━━━━━ Collected material

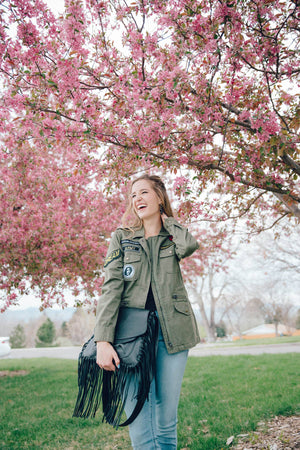 Velvet's latest addition to their best-selling Army Jacket collection, the Andreea jacket has the construct of their best-selling Ruby Army Jacket with added embellishments of a series of hip patches. The body of the jacket features an adjustable drawstring tie at the waist for a flexible fit and style. The long sleeves feature a snap closure and can be rolled up. The front of the jacket has a series of flap pockets including a snap closure or a zipper closure option on the lower pockets. Complete with epaulets that snap at the shoulder, this Army jacket is a style must have. Available in Forest (Army Green). Fabric is 100% Cotton Twill. Machine wash, tumble dry low. Made in China.
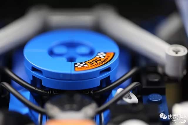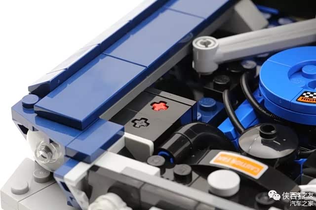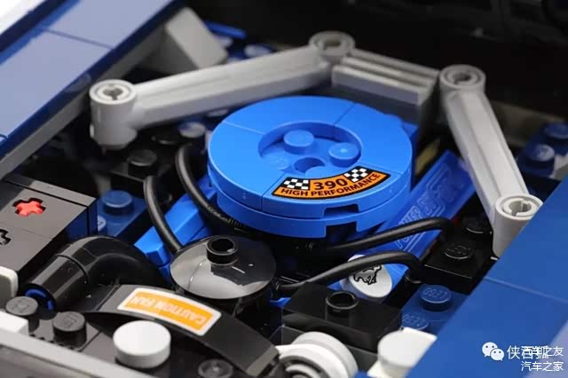 发动机舱的还原算是一大亮点。麻雀虽小但五脏俱全的舱内不但有一台与原车一样的蓝色390型V8发动机,发动机缸体贴有“Power By Ford”的福特商标,以及代表机油灌注口的Mustang标志印刷件,还有诸如带有水箱盖并贴有“小心风扇”的散热水箱、,贴有390贴纸的大圆盘空气滤清器等等,就连位于发动机舱边上的汽车电瓶都极有心思的采用红黑两色十字栓模拟出电瓶的正负极,倘若负极能是“-”号就更完美了,不过统观现在LEGO的零件库,貌似除了使用人仔的小锤子以外,还真的找不出其他替换方案了,而且就算用了小锤子也会影响整体效果甚至因为高出半个单位而让车头盖不能放下。
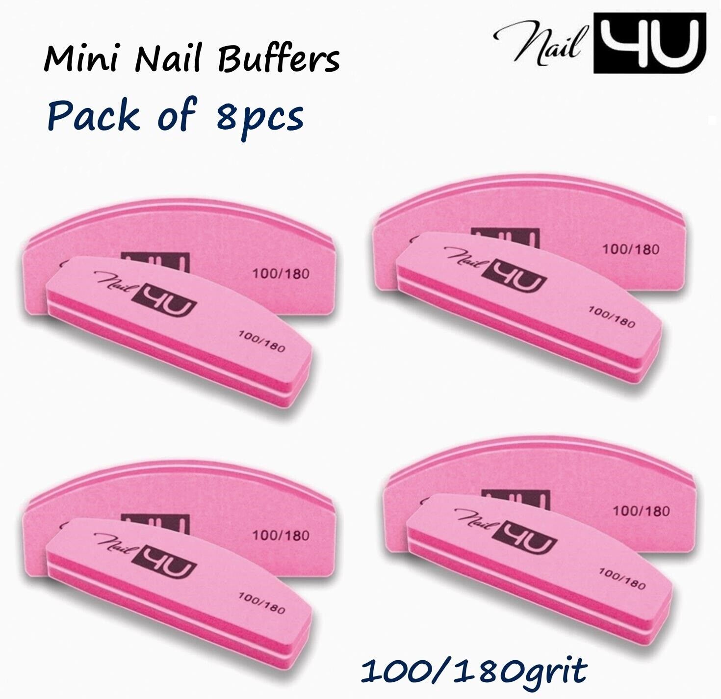 Nail Buffer Sanding Block CANDY Pink Half Moon Pack of 8 Double sided 100/180

━━━━━━━━━━

• Exercise objective
Each line above should be set down exactly as written, with pictures excluded.

• Written response
 Velvet's latest addition to their best-selling Army Jacket collection, the Andreea jacket has the construct of their best-selling Ruby Army Jacket with added embellishments of a series of hip patches. The body of the jacket features an adjustable drawstring tie at the waist for a flexible fit and style. The long sleeves feature a snap closure and can be rolled up. The front of the jacket has a series of flap pockets including a snap closure or a zipper closure option on the lower pockets. Complete with epaulets that snap at the shoulder, this Army jacket is a style must have. Available in Forest (Army Green). Fabric is 100% Cotton Twill. Machine wash, tumble dry low. Made in China.
 发动机舱的还原算是一大亮点。麻雀虽小但五脏俱全的舱内不但有一台与原车一样的蓝色390型V8发动机,发动机缸体贴有“Power By Ford”的福特商标,以及代表机油灌注口的Mustang标志印刷件,还有诸如带有水箱盖并贴有“小心风扇”的散热水箱、,贴有390贴纸的大圆盘空气滤清器等等,就连位于发动机舱边上的汽车电瓶都极有心思的采用红黑两色十字栓模拟出电瓶的正负极,倘若负极能是“-”号就更完美了,不过统观现在LEGO的零件库,貌似除了使用人仔的小锤子以外,还真的找不出其他替换方案了,而且就算用了小锤子也会影响整体效果甚至因为高出半个单位而让车头盖不能放下。
 Nail Buffer Sanding Block CANDY Pink Half Moon Pack of 8 Double sided 100/180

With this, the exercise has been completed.